*** MATERIAL TO PROCESS ***

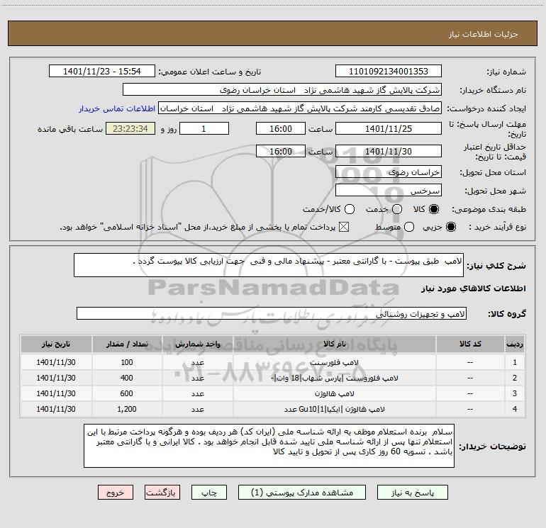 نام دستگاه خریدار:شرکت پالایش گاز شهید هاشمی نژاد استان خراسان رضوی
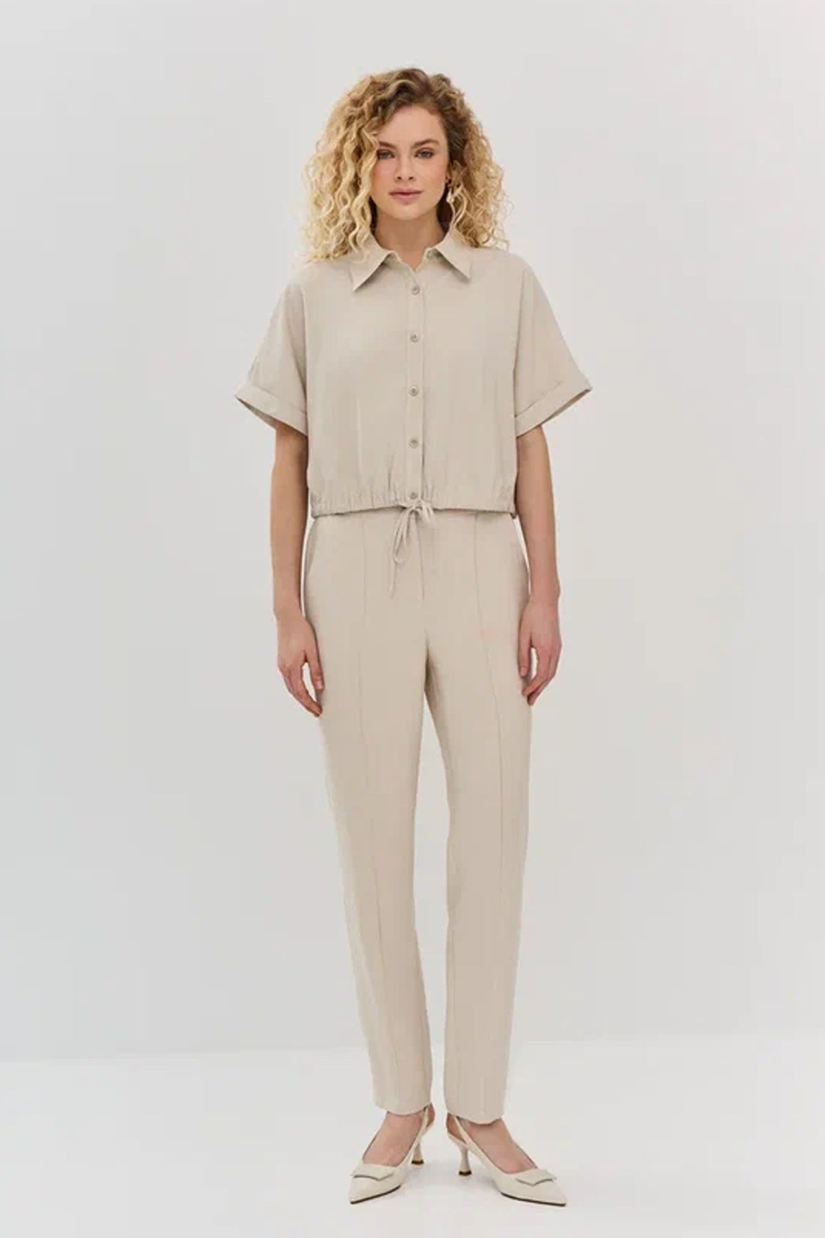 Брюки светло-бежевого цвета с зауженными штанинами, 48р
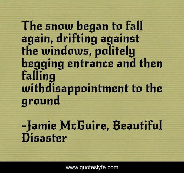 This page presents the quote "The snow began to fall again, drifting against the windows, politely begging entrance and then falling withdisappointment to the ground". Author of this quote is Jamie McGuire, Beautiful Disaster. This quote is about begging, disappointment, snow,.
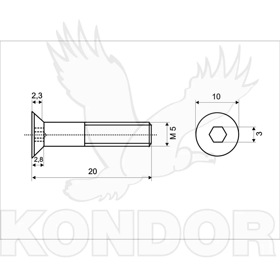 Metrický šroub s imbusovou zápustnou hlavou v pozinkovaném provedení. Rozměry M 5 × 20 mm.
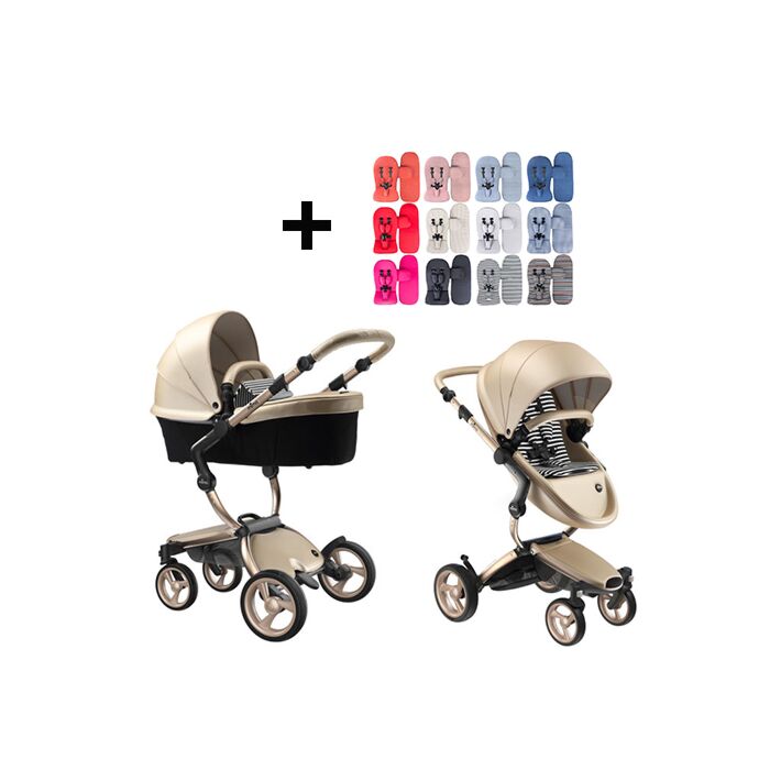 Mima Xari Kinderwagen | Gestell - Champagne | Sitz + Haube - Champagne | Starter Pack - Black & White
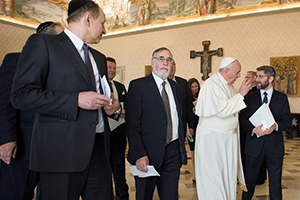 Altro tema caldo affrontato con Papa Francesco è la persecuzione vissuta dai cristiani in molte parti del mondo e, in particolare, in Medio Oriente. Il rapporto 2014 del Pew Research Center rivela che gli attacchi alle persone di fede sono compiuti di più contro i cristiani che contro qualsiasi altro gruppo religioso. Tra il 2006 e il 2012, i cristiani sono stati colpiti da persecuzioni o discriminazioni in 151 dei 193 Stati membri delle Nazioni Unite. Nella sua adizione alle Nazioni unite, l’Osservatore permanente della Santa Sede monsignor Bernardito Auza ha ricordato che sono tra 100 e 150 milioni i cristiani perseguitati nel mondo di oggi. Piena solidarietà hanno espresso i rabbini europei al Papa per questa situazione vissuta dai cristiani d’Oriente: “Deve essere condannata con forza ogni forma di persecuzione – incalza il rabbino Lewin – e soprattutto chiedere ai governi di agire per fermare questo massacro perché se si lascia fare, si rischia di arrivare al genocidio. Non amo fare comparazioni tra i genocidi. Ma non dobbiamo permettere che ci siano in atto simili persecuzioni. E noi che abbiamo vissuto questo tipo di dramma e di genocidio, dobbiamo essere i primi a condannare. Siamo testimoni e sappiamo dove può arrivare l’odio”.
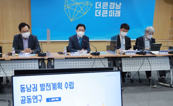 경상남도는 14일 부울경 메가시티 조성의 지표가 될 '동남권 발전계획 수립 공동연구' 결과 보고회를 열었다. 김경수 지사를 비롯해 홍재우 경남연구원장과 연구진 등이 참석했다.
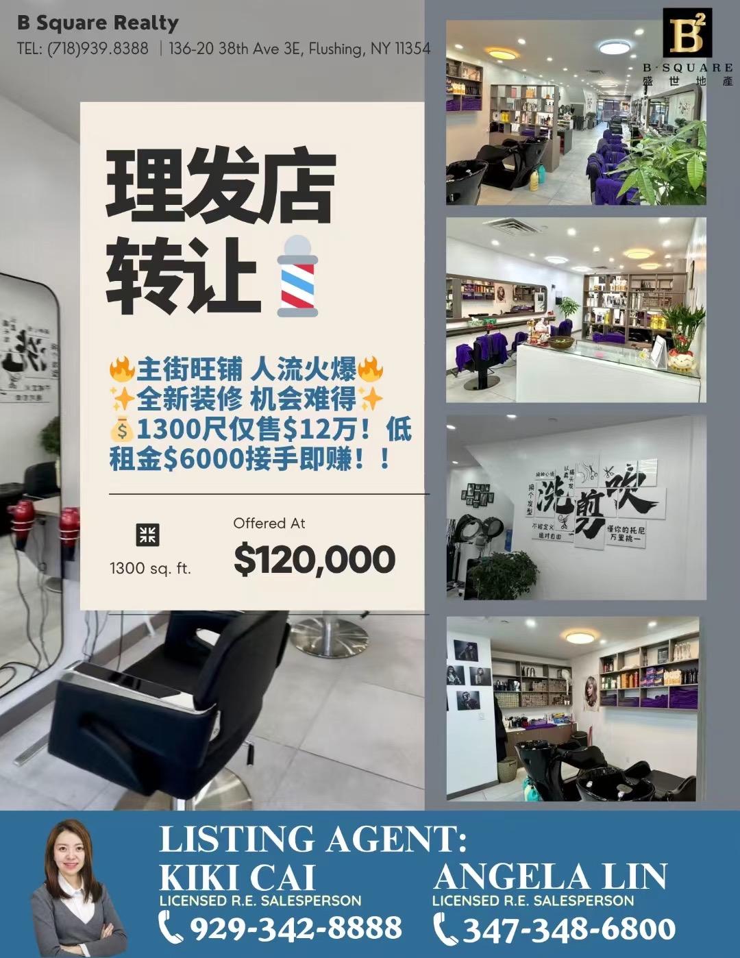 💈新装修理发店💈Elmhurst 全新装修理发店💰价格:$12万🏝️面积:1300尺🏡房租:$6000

*** End of MATERIAL TO PROCESS ***

Pictures stay out. Repeat only the lines from the beginning of the data through the line that has "Брюки светло-бежевого цвета".

 نام دستگاه خریدار:شرکت پالایش گاز شهید هاشمی نژاد استان خراسان رضوی
 Брюки светло-бежевого цвета с зауженными штанинами, 48р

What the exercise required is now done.